In the legendary Doom series of games, the “BFG” was the ultimate weapon—the room-clearing, awe-inspiring Big F****** Gun. Late Sunday night at CES 2018, Nvidia revealed BFGDs: Big Format Gaming Displays, created in conjuction with Asus, Acer, and HP. BFGDs may not slay demons, but like their wink-wink namesake, Nvidia’s new monitors are massive, loaded with cutting-edge technologies, and might well be the ultimate weapon in a high-end gaming arsenal.

“Big” doesn’t do these displays justice. At 65 inches' diagonal width, BFGDs outsize the televisions in many households. They still honor the “gaming display” part of their name, though.

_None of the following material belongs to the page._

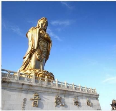
เกาะผู้ไถวซาน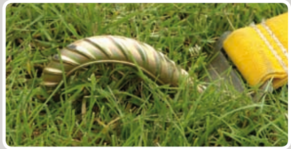
Max. 2,5 cm over jorden.

Similar to the initial G-Sync HDR displays announced at CES last year, BFGDs are basically the Holy Grail of PC monitors. These beasts run at 4K resolution at a blistering 120Hz—a frame rate no single graphics card can maintain at that resolution in modern AAA games. Even the vaunted GeForce GTX 1080 Ti can’t fulfill it. But Big Format Gaming Displays also support Nvidia’s game-smoothing G-Sync technology, as well as gorgeous high-dynamic range visuals.  And like the other G-Sync HDR monitors, BFGDs pack an eye-searing 1,000 nits of brightness, a full-array direct backlight, and support for the DCI-P3 color gamut. In plain language: G-Sync HDR monitors are wonderfully bright and look absolutely stunning in action.

BFGDs also pack full Nvidia Shield TV functionality and come with a Shield controller and remote, befitting their super-sized TV dimensions. That means these displays include full Android TV capabilities, voice controls, game-streaming from the cloud or another local PC, you name it. The second-gen Nvidia Shield TV is the best media streamer for geeks and an appropriate companion for a monitor this gargantuan.

“G-SYNC HDR technology also supports video playback at native framerates, including popular 23.976, 24 and 25 FPS formats,” Nvidia said in the Big Format Gaming Display release. “This matches the screen’s refresh rate to the video source’s actual frame rate, eliminating interpolation and presenting the video content as it was intended to be viewed by the director.” Nifty!

So Nvidia BFGDs are big, bold, and badass. But crucial questions—price and availability—remain. Nvidia says BFGDs are expected to launch in summer 2018, with more information about pricing released around that time. (Spoiler: They’ll be staggeringly expensive.) Take that with a pinch of salt, though. The initial 4K, 120Hz G-Sync HDR monitors announced at last year’s CES were also expected to launch in the summer time frame, but they’ve quietly been delayed until sometime this quarter. Breaking new ground in display technology can have its hiccups.